A: Using K independent binary masks decouples mask prediction from classification. Each binary sigmoid mask doesn't need to "compete" with other classes — it only asks "is this pixel part of class k?". Using softmax would force the model to classify every pixel even within the mask head, introducing entanglement. The selected mask (at inference: the predicted class's mask) will be cleaner and more accurate. This design choice yielded a 3+ point mAP improvement over single-channel mask prediction.
Q: How does Mask R-CNN handle overlapping instances?
A: Each proposal generates an independent mask crop. The model processes them separately, so masks can overlap in image coordinates. At output, overlapping masks are handled by confidence — typically the highest-confidence instance "wins" each pixel, or both masks are kept and the caller resolves the overlap (e.g., rendering order by confidence). Occlusion handling for heavily overlapping objects (like stacked items) remains a weakness; SOLO-based methods handle it better via position-based instance separation.

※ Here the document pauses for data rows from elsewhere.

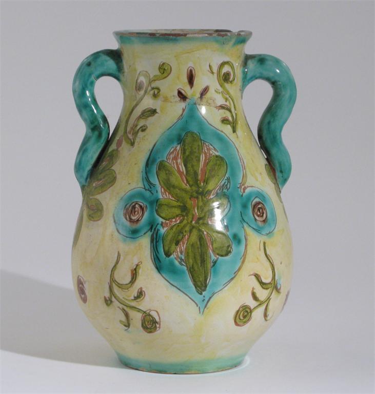 A Della Robbia Pottery twin-handled vase by Hannah Jones, painted with foliate panels in shades of green and turquoise on a pale yellow ground painted marks, HJ monogram, repair to top rim 23.5cm. high
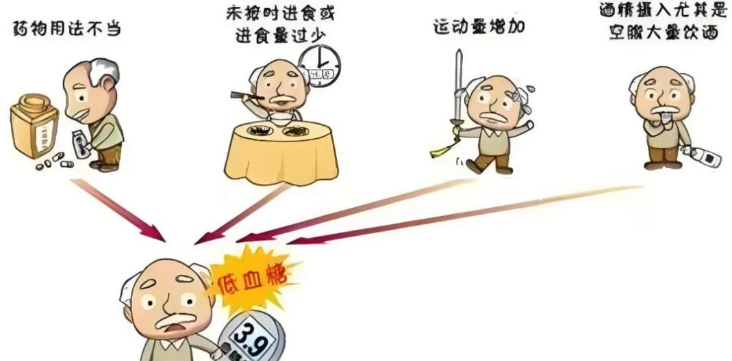 2.饮食不规律:注射胰岛素或服用降糖药后未及时进餐、过度控制饮食,进食过少或碳水化合物摄入不足。
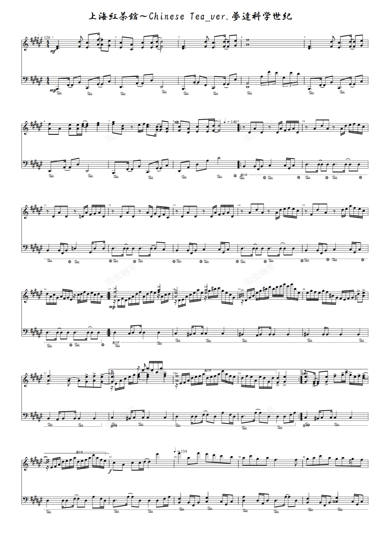 钢琴谱:【东方project】上海红茶馆 ~ Chinese Tea(梦违科学世纪ver.)
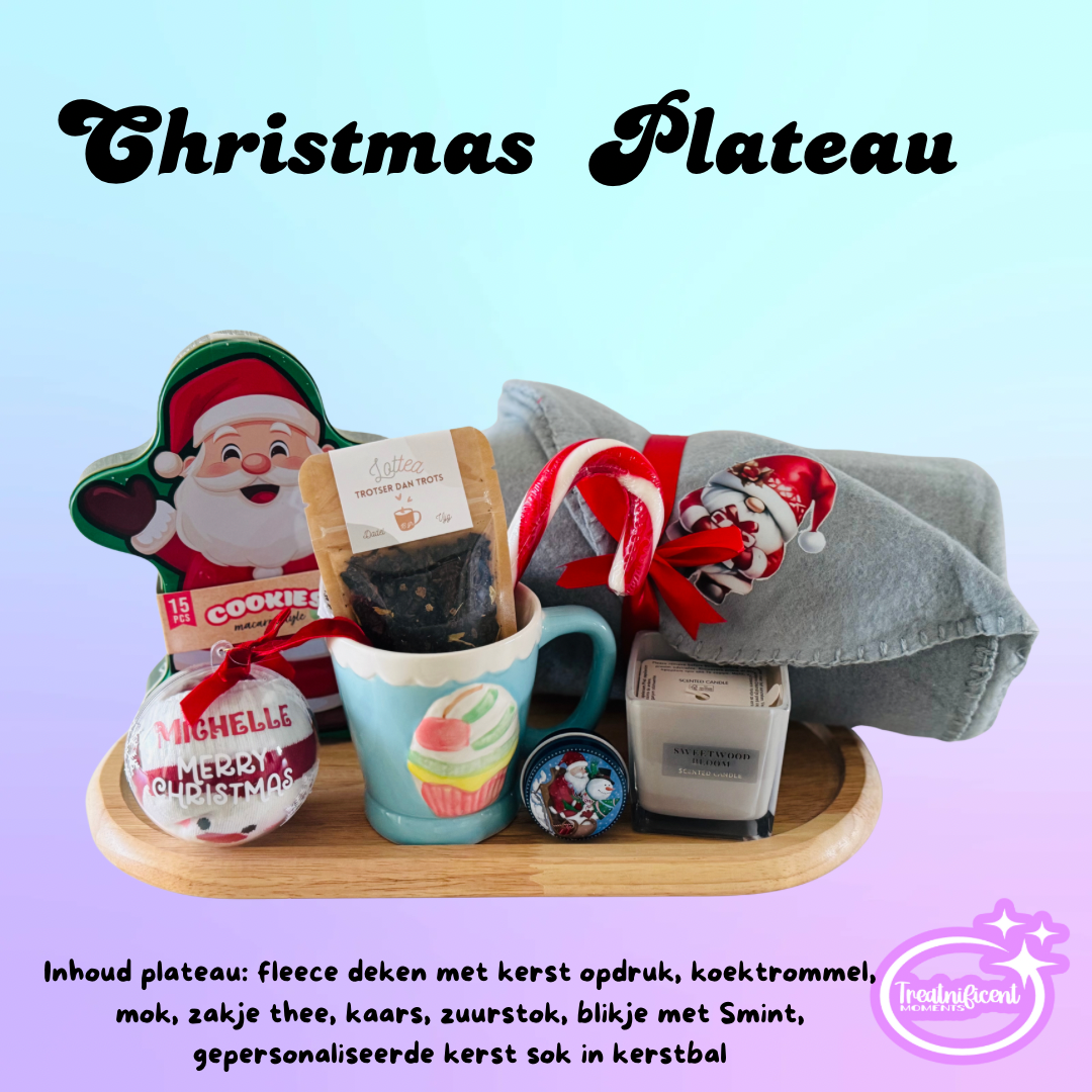 Breng warmte en gezelligheid in huis met ons prachtige Christmas Plateau een stijlvol houten plateau dat volledig is gevuld met kerstige verwenitems. Dit unieke cadeaupakket is perfect om te geven en om heerlijk van te genieten tijdens de feestdagen.
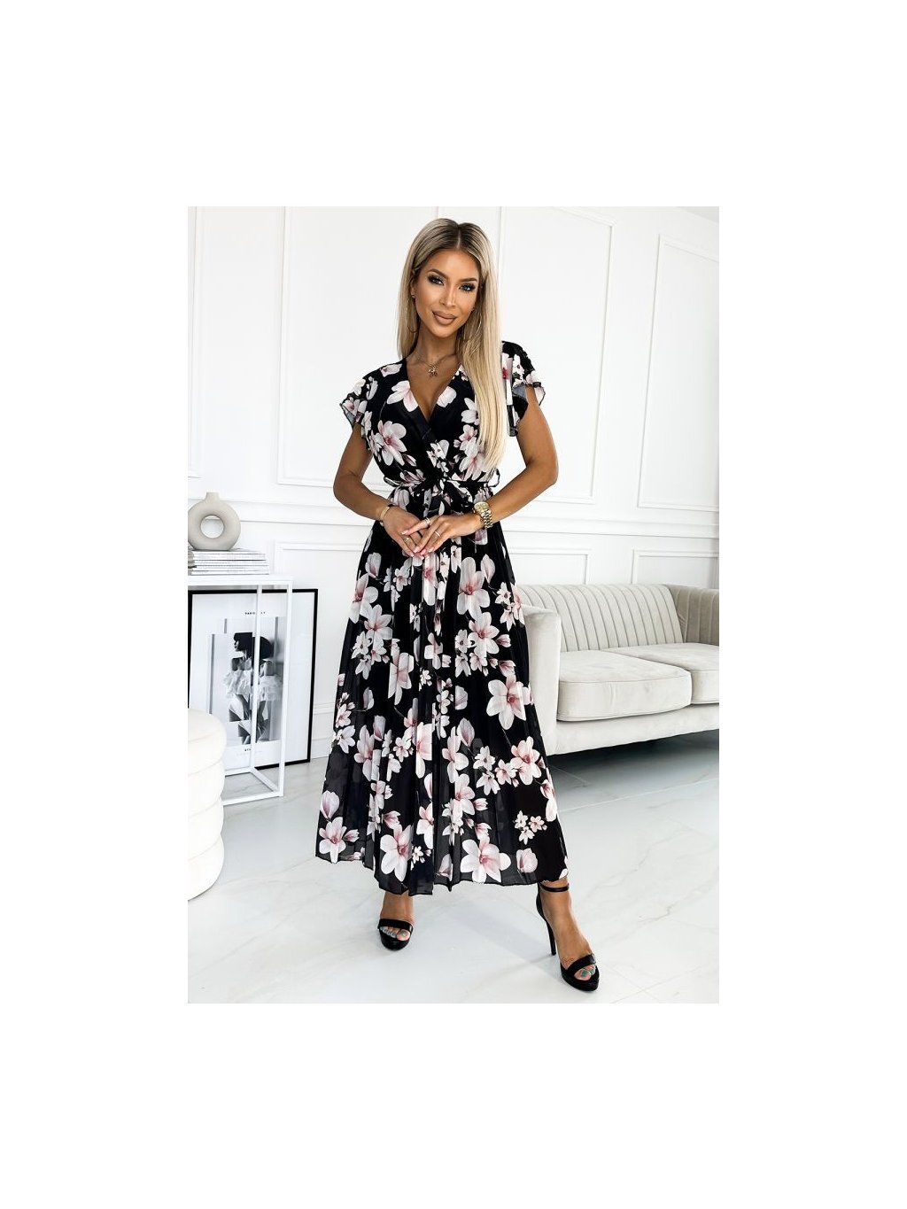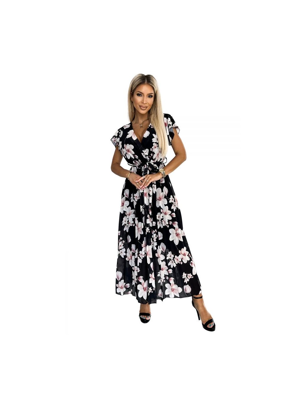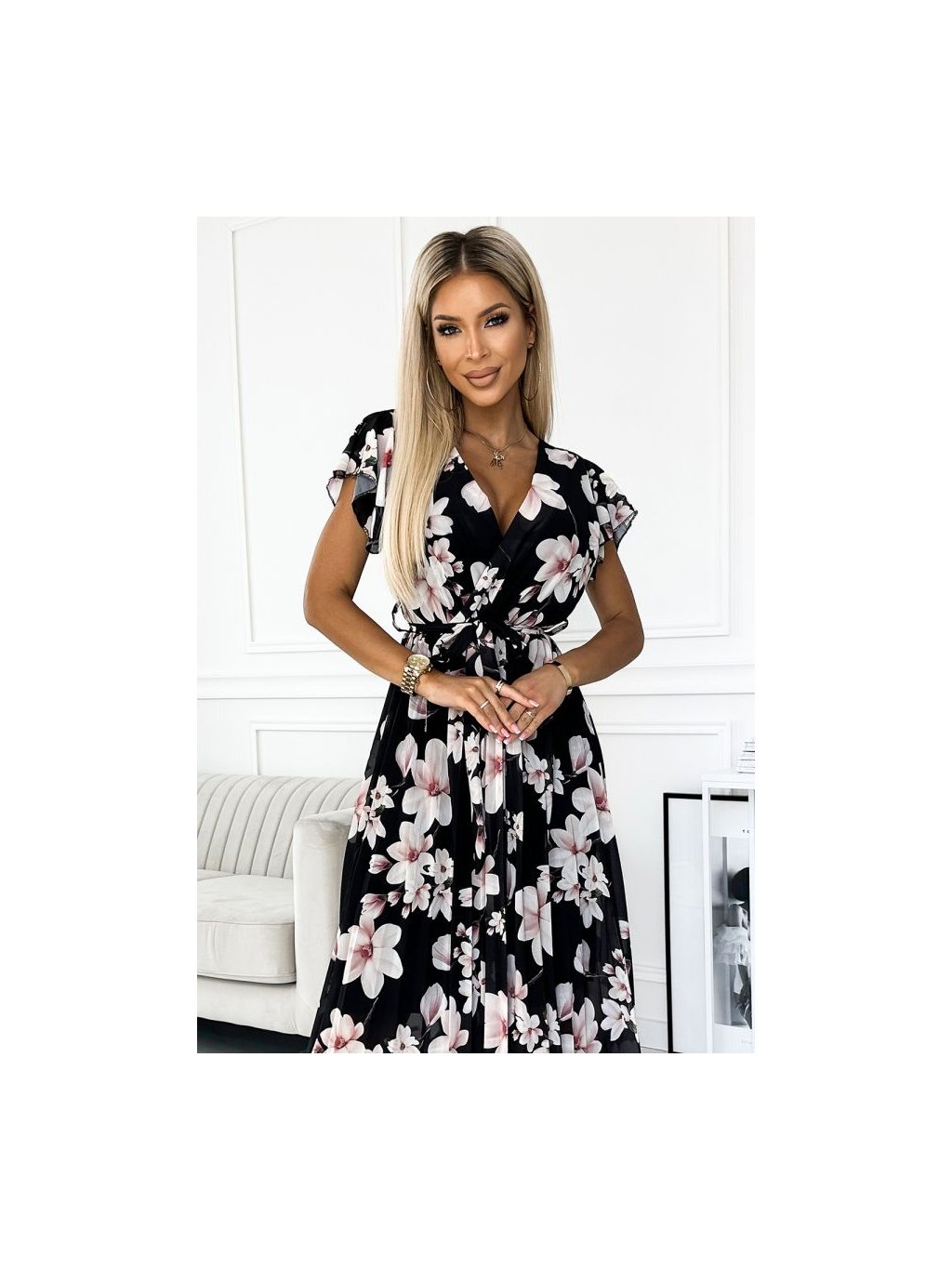Lisa - šifonové midi šaty s výstřihem a volány na ramenou. Vzor: broskvový květ na černém pozadí. Značka Numoco. evropská produkce.

Q: What is the typical training procedure for Mask R-CNN on a custom dataset?
A: (1) Start from COCO-pretrained weights (all backbone + FPN + RPN + heads pretrained); (2) Fine-tune all components with discriminative LRs (backbone 0.1× LR, heads 1× LR); (3) Use 1× or 3× training schedule (12 or 36 epochs on COCO); (4) Data augmentation: horizontal flip, multi-scale train (480-800px shorter edge), optional mosaic. For small datasets (< 1000 images), freeze BatchNorm layers (model.backbone.body.freeze_bn()) and use batch size ≥ 2 (BN stat accuracy degrades with batch=1).